Wstał i raz jeszcze mnie podniósł. Szliśmy i cały czas rozmawialiśmy. Gdy już byliśmy na miejscu, Mateusz pocałował mnie w policzek, przytulił i życzył mi dobrej nocy. Będąc do niego przytulona zauważyłam po drugiej stronie ulicy jakiegoś chłopaka, który nam się przygląda i po chwili odchodzi. Było ciemno, więc dokładnie nie widziałam kto to był, ale wydawało mi się, że był to Łukasz. Pożegnałam się z Mateuszem i wbiegłam do domu. Udało mi się ominąć rozmowy z rodzicami. Udałam się do pokoju i poszłam się wykąpać. Pod prysznicem wszystko mi się przypomniało i znowu zaczęłam płakać. Po kąpieli położyłam się do łóżka i włączyłam laptopa. Odwiedziłam parę stron internetowych i dość długo pisałam z moją przyjaciółką. Opowiedziałam jej wszystko i zaczęła mnie pocieszać, lecz bezskutecznie. Udało jej się jedynie wyciągnąć mnie na pizze. Pożegnałam się z nią i poszłam spać.  

Następnego dnia.

Gdy wstałam rodziców już nie było w domu.
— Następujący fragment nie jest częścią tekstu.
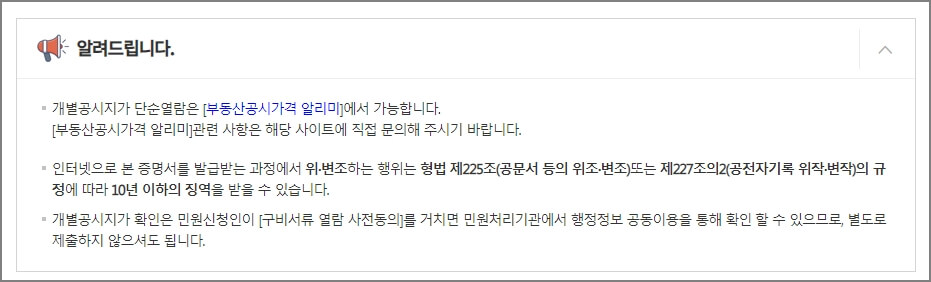 2. 주의사항을 읽어보세요. 인터넷으로 개별공시지가 확인서를 발급 받는 과정에서 위조, 변조하는 행위는 10년 이하의 징역을 받을 수 있습다. 개별공시지가 단순 열람은 부동산 공시가격 알리미에서 가능합니다. <▼부동산공시가격 알리미>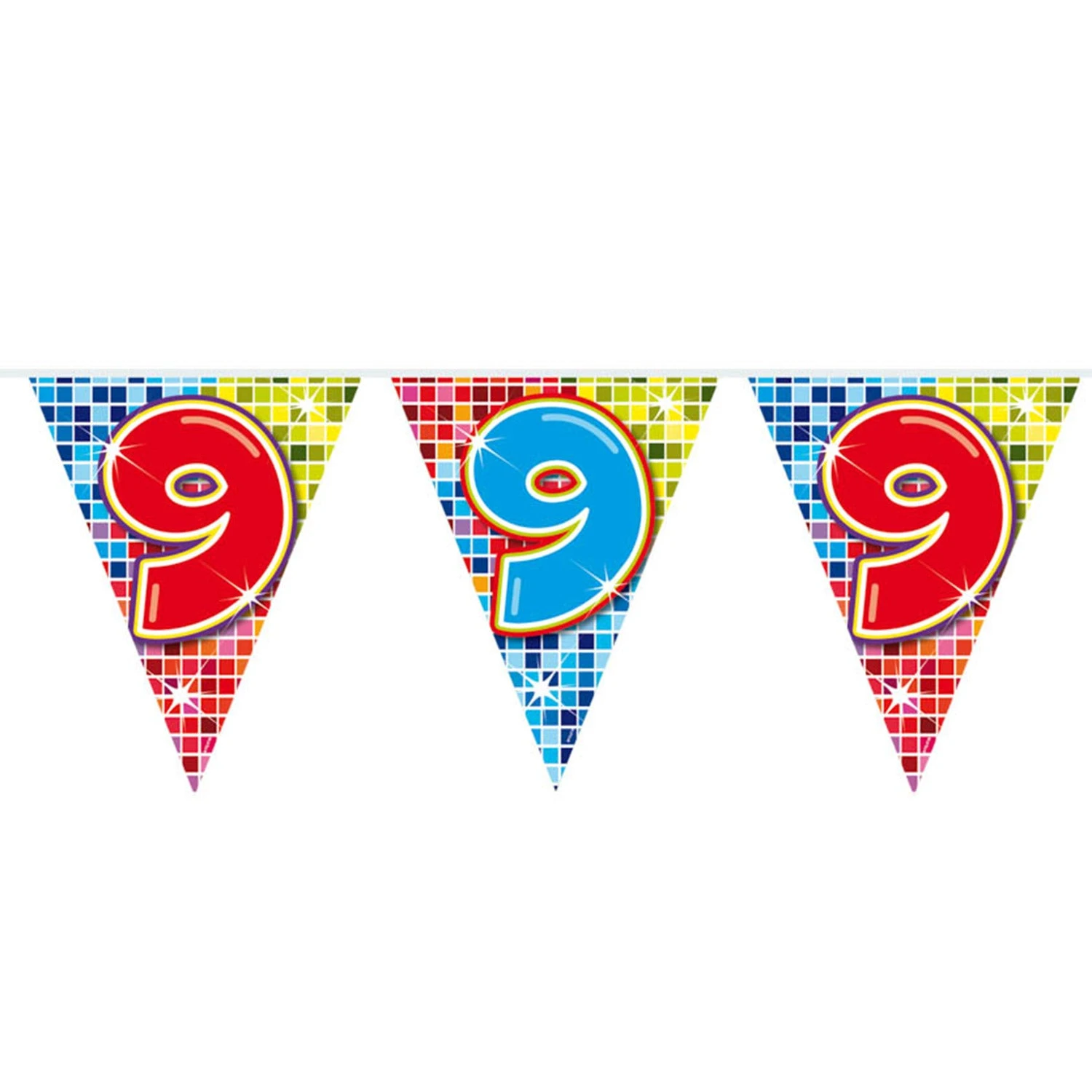 Wordt er iemand 9 jaar? Of vieren jullie een 9-jarig jubileum? Deze kleurrijke slinger staat perfect op ieder soort feestje! De slinger is enkelzijdig bedrukt, heeft 12 vlaggetjes en is 3 meter lang.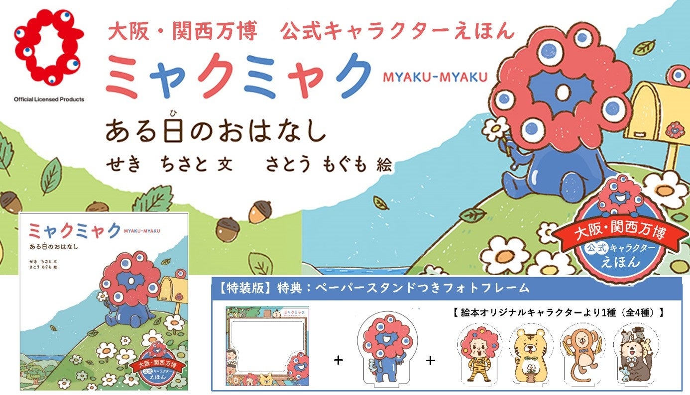 ※特典:ペーパースタンド付きフォトフレーム ペーパースタンドの絵柄は、1冊につき ミャクミャク+絵本オリジナルキャラクター1種(全4種)が入っています。

Doprowadziłam się do porządku, założyłam krótkie czarne spodenki, niebieską bluzkę na krótki rękaw i trampki. Było ciepło, w końcu wakacje, więc ten strój był odpowiedni. Zeszłam na dół, napiłam się soku i pobiegłam na spotkanie z Patrycją. Weszłam do pizzerii i zauważyłam przyjaciółkę-już na mnie czekała z pizzą. Przywitałam się z nią, dosiadłam się do stolika i zaczęliśmy zajadać oraz rozmawiać na różne tematy. Kocham Patrycję (jako przyjaciółkę), bo zawsze umie mnie pocieszyć, jest niesamowita. Gdy już skończyłyśmy jeść, Pati zaproponowała mi spacer po parku. Chodź wolałam się zamknąć w pokoju i pobyć sama, zgodziłam się.  
-Nadal nie mogę uwierzyć w to co Ci zrobił Łukasz, myślałam, że jest innym chłopakiem.
-Musiałaś o nim przypomnieć? Zepsułaś mi humor.
-Przepraszam Madziu-przytuliła mnie.
-Bywa...
Szłyśmy wzdłuż parku, gdy nagle zauważyłam Łukasza siedzącego z jakąś blondynką na ławce. Już znałam powód zerwania. Nie mogłam w to uwierzyć.
-Poczekaj tutaj, muszę coś załatwić.
Podbiegłam do ławki gdzie siedział Łukasz. Znacząco się na niego a potem na tą laskę spojrzałam. Najchętniej bym ją udusiła, z trudem się powstrzymywałam.  
-A to ja już wiem, dlaczego zerwałeś. Jak mogłeś!
-Ale...
-Nie przerywaj mi lepiej. Po co w ogóle zaczynałeś ze mną? Lubisz bawić się dziewczynami, jaka ja byłam głupia-ze łzami w oczach krzyczałam.
-Madziu posłuchaj.
-Madziu? Daruj sobie, zwykła świnia z Ciebie.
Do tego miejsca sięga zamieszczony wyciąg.